Thursday 14 February 2008

PHP_CodeSniffer == JS_CodeSniffer?

There has been one item on my PHP_CodeSniffer todo list for a long time; to get PHP_CodeSniffer to enforce coding standards for JavaScript files. I've finally found the time to get going with this project and I've made good progress over the last couple of days.

My local copy of PHP_CodeSniffer now uses the file extension to determine which tokenizer to use to parse each file. I've moved the tokenizing code out of PHP_CodeSniffer_File into a PHP tokenizer and have added a new JS tokenizer. Once the file is tokenized, all existing sniffs can be run on it, but obviously most of the existing ones are only going to work correctly for PHP files.

The next step is to look at all the existing sniffs and identify those that are PHP only and those that would also work for JS files. Once that happens, each will be flagged using a protected member var so developers of coding standards know which tokenizers a sniff supports. I'll only be doing this for the Squiz and Generic standards to start with as I'm sure PEAR has no desire to start writing a JavaScript coding standard.

For developers who have written their own sniffs, you don't need to change anything to keep your existing sniffs and standards working. You only need to make changes if you want to start checking JavaScript files as well.

My overall goal is to get PHP_CodeSniffer to check all file types that PHP web developers would commonly use, including JavaScript, CSS, HTML and XML. It's going to take a while to get there, but JavaScript files are easily the most complex files to parse in that list, so I'm well on the way. I'm hoping to get this change into CVS sometime next week and get a release candidate out after I've written a decent number of JS sniffs.

Tuesday 12 February 2008

When PHP string comparions go wrong

I'm a little ashamed to admit that I didn't know about this before, but I've just never come across it. When PHP compares two strings it converts them to integers if they both appear to be numbers, unless you use the === operator to compare types as well. The comparison operator docs state:

If you compare an integer with a string, the string is converted to a number. If you compare two numerical strings, they are compared as integers. These rules also apply to the switch statement.

Keeping that in mind, take a look at this code:
if ('000E00080001' == '000E0008') {
echo 'equal';
}
This statement evaluates to TRUE, but I wasn't sure why.

Even reading the comparison operator docs doesn't make it clear, but it does link off to a very important piece of information about strings.
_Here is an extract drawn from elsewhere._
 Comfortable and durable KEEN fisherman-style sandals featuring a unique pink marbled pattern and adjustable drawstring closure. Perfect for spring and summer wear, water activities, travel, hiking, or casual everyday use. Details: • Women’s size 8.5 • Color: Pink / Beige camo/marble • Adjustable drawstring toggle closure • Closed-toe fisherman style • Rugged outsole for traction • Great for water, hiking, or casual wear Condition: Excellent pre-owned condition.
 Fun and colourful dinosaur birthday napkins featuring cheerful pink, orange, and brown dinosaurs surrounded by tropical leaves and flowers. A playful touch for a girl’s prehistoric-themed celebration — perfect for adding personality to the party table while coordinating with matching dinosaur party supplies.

In particular, the section on string conversion to numbers states:
The string will evaluate as a float if it contains any of the characters '.', 'e', or 'E'. Otherwise, it will evaluate as an integer.
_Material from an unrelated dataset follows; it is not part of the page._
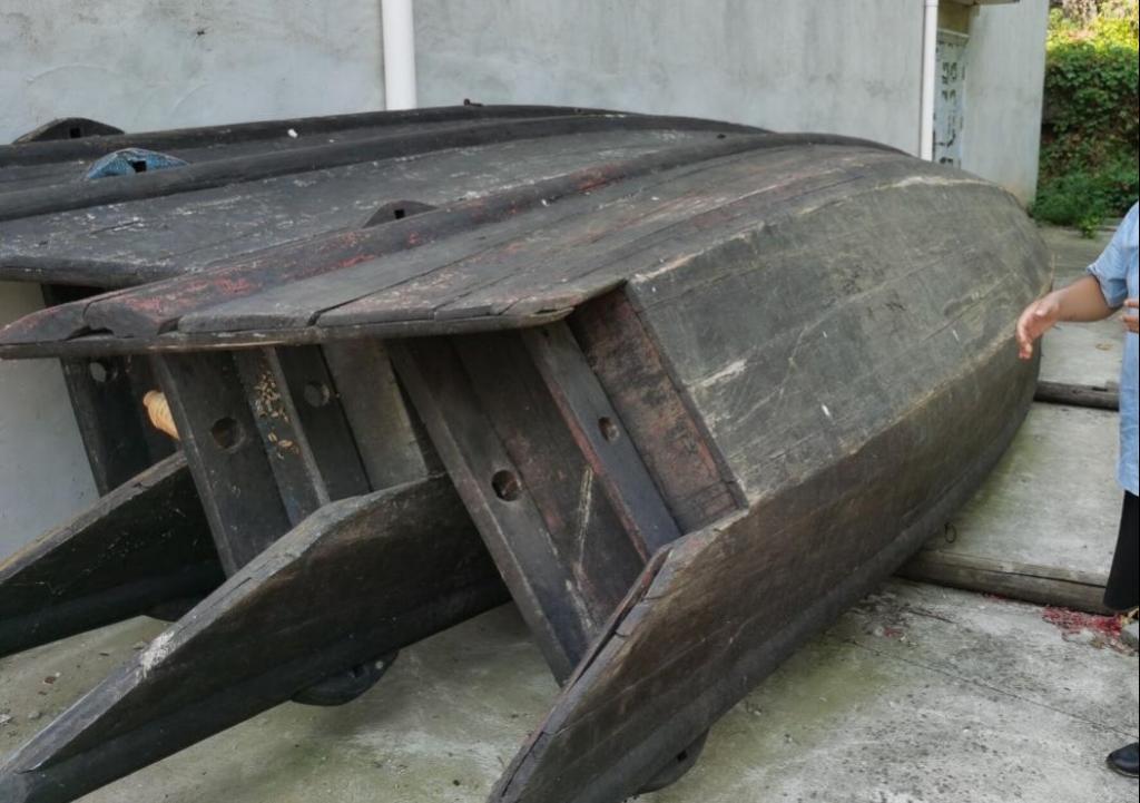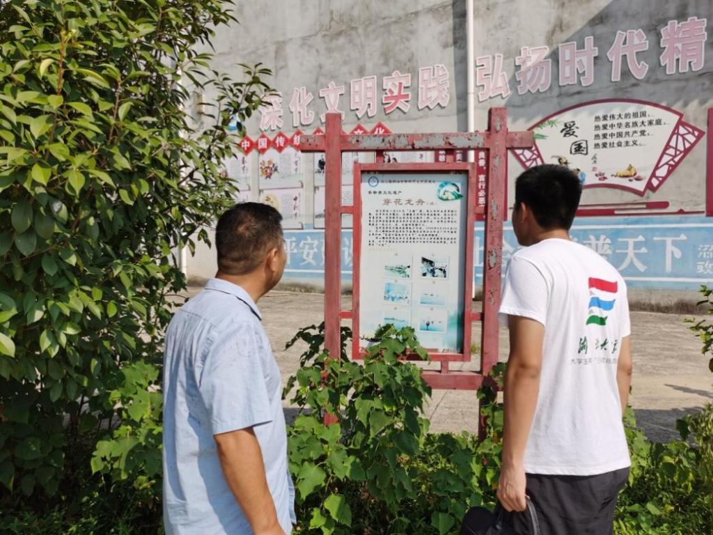 然后实践团队来到了穿花龙舟传习基地。“我们这里的龙舟不像每次电视里播出的龙舟比赛那样是又细又长的龙舟,咱们的龙舟啊平日里是要兼顾捕鱼这样的日常生产活动的,等到节日里才给他装上各种装饰和大鼓。当初奥运会一个国家出一个代表性项目时,中国出的就是咱这里的龙舟!”工作人员介绍到。

And the truth shall set you free!

The letter "e" in my two strings is considered part of the exponent of a number. In both cases, the number is "0" followed by an exponent. When PHP compares those two strings, it compares them as "zero to the power of ..." because they are both considered numbers. So in this case, it is comparing zero with zero and finding it is TRUE.

This also works with decimal points. This evaluates to TRUE as well:
if ('0000.' == '0000.0') {
echo 'equal';
}
And just to confirm what is going on, adding a character that is not considered part of a number results in the expected behavior. This evaluates to FALSE because PHP no longer considers these values numbers:
if ('000E000F0001' == '000E000F') {
echo 'equal';
}
And, if the initial portion of our number is not zero, the exponent modifies the value. We are no longer comparing "zero to the power of ..." (which is always zero) in the following example; we are comparing "one to the power of ...", so it evaluates to FASLE:
if ('001E00080001' == '001E0008') {
echo 'equal';
}
So what is the solution? You can either use strcmp() to compare your strings, or use the === operator to compare types as well. When PHP compares types, it will not try and convert strings to numbers.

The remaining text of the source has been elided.